Sans trouble mental (n = 73)
Des meurtriers malades mentaux graves et ceux indemnes de troubles psychiatriques
Du point de vue de la méthode, les principales limites
de cette étude sont l’utilisation rétrospective de données d’expertises, le travail sur dossier (nous n’avons pas
rencontré les individus), les biais de sélection (point de
vue d’un seul expert), la non-standardisation des entretiens, le biais d’une reconstruction possible des événements
par le patient, l’hétérogénéité du groupe des meurtriers
(assassinat, homicide volontaire, parricide, infanticide) et
l’instabilité temporelle des cadres nosographiques sur la
période de l’étude de 30 ans. Nous n’avons pas, non
plus, effectué d’appariement par âge et par sexe dans la
comparaison entre les deux groupes. Enfin, pour déterminer
les caractéristiques sociodémographiques, cliniques et criminologiques propres aux malades mentaux meurtriers, un
groupe témoin de malades mentaux non meurtriers aurait
été nécessaire. Des études ultérieures portant sur des séries
plus importantes, à la fois rétrospectives (interrogation
systématique des dossiers judiciaires et psychiatriques) et
prospectives (sanction pénale, orientation vers la prison ou
l’hôpital, récidive éventuelle à la sortie de l’institution),
seraient souhaitables sur la question de l’homicide du
malade mental en France. Nous pourrions nous inspirer des études scandinaves [8,10]. Elles répertorient et
recoupent ainsi les fichiers nationaux des données judiciaires et psychiatriques de tous les auteurs d’homicides.
L’évaluation psychiatrique, systématique pour tous les
auteurs d’homicides, comprend au minimum une expertise psychiatrique « standard » dans un délai moyen de cinq
mois ; plus des deux tiers des meurtriers bénéficient d’une
évaluation psychiatrique plus complète (entretien standardisé DSM-IV, tests psychologiques [WAIS, Rorschach, MNPI],
tests sanguins, EEG, scanner cérébral) pendant quatre à huit
semaines dans un hôpital psychiatrique.
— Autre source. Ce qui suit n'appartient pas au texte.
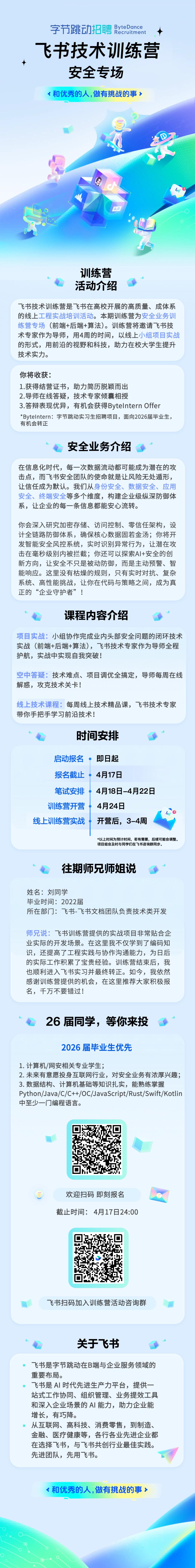 飞书技术训练营是飞书在高校开展的高质量、成体系的线上工程实战培训活动。本期训练营为安全业务训练营专场(前端+后端+算法)。训练营将邀请飞书技术专家作为导师,用4周的时间,以线上小组项目实战的形式,用前沿的视野和科技,助力在校大学生提升技术实力。
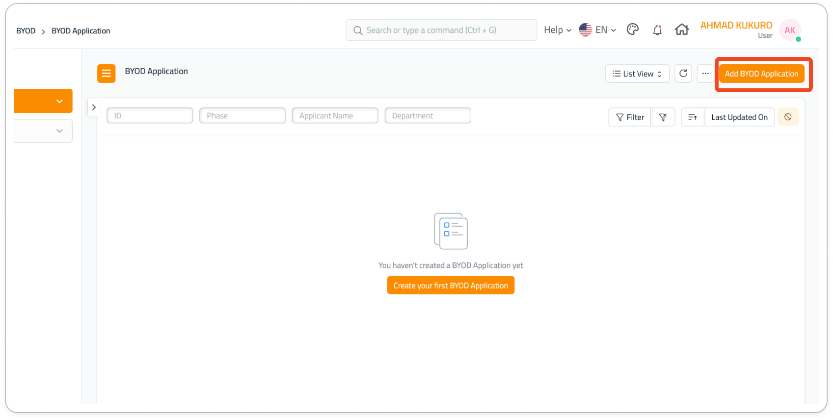 3. Klik butang Add BYOD Application untuk membuat permohonan baru.
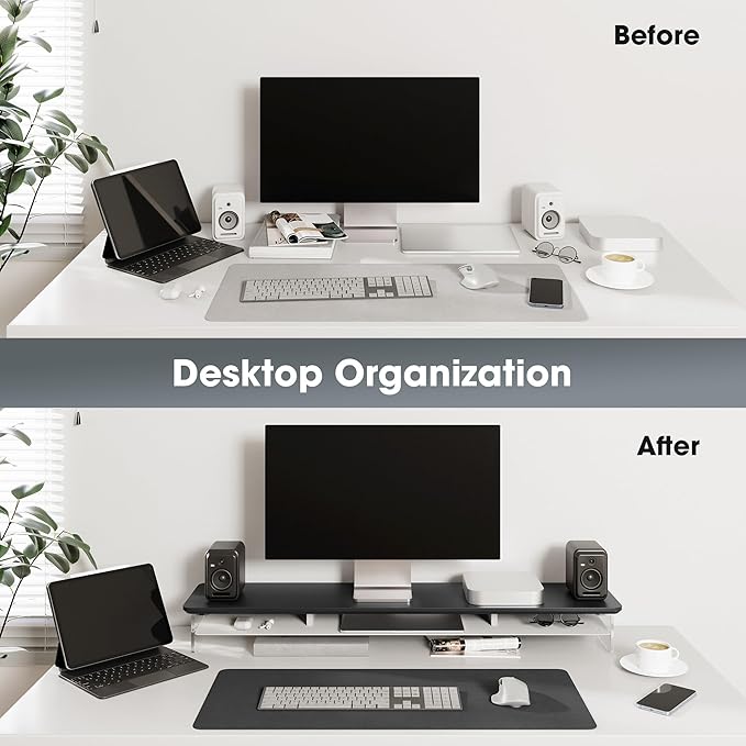 - 【Protect Your Cervical Spine & Eyes】: Acrylic monitor stand can raise your desktop by 4.7 inches to adjust to your eye level, reducing pressure on your neck and eyes.
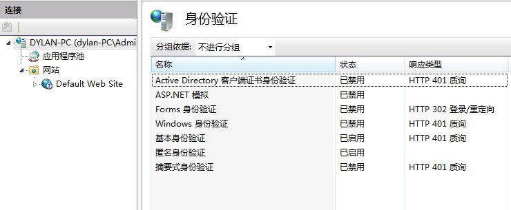 首先打开IIS,然后双击右侧“身份验证”,会显示出当前IIS支持的所有的身份验证方式(由于我安装IIS时候,在“安全性”那里我是全部勾选的)。可以看到如图:
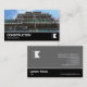 Um modelo de cartão de negócios atrativo concebido tendo em vista a indústria da construção, mas que poderia ser adaptado a muitas outras utilizações. A imagem na área da tela pode ser alterada, se necessário, pois a faixa de exibição inferior é um gráfico separado. Os logotipos (frente e verso) usados neste exemplo são um símbolo de uma das fontes de imagem úteis e atraentes do Zazzle e podem ser substituídos por um símbolo diferente, ou seu próprio logotipo.
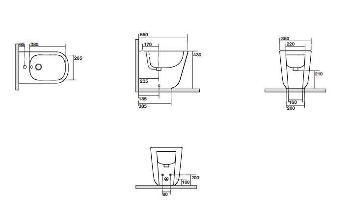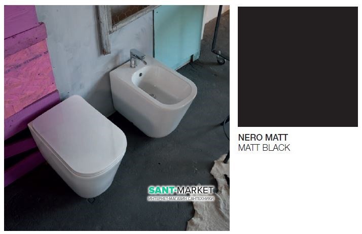 1) Біде підлогове Kerasan Tribeca з кріпленням WB5N чорний матовий
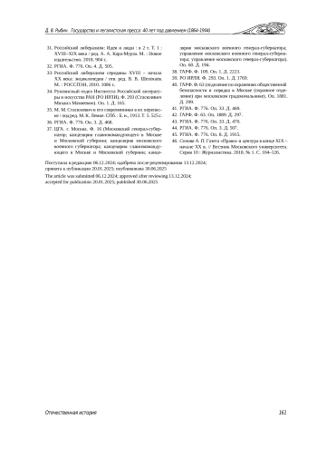 25. Локшин А. Е. Газета “Русские ведомости” и администрация в период политической реакции 80 - начала 90-х гг. XIX века // Вестник Московского университета. Серия 8. История. 1980. № 6. С. 53-66.

Une des autres particularités des études scandinaves est un taux d’élucidation
des crimes de l’ordre de 95 %, ce qui confère une idée assez
précise du phénomène homicidaire dans ces pays.
Conclusion
À l’exception de certaines variables, les meurtriers présentant une maladie mentale grave ont les mêmes
caractéristiques sociodémographiques que tout meurtrier :
homme jeune, isolé, aux antécédents judiciaires, et
consommant des toxiques. Ils sont en revanche plus âgés
au moment des faits, ont davantage d’antécédents psychiatriques personnels et de comorbidités psychiatriques que
les sujets sans pathologie avérée. Ils s’en distinguent aussi
par une clinique propre au processus psychopathologique qui
infiltre leur passage à l’acte criminel. Ils tuent rarement une
victime inconnue. L’irresponsabilité pénale est la règle pour
les meurtriers souffrant d’un trouble mental grave. En tant
que clinicien, il faut focaliser notre attention sur le processus morbide et la psychopathologie propre à chaque entité
clinique, et cela dans une perspective de prévention.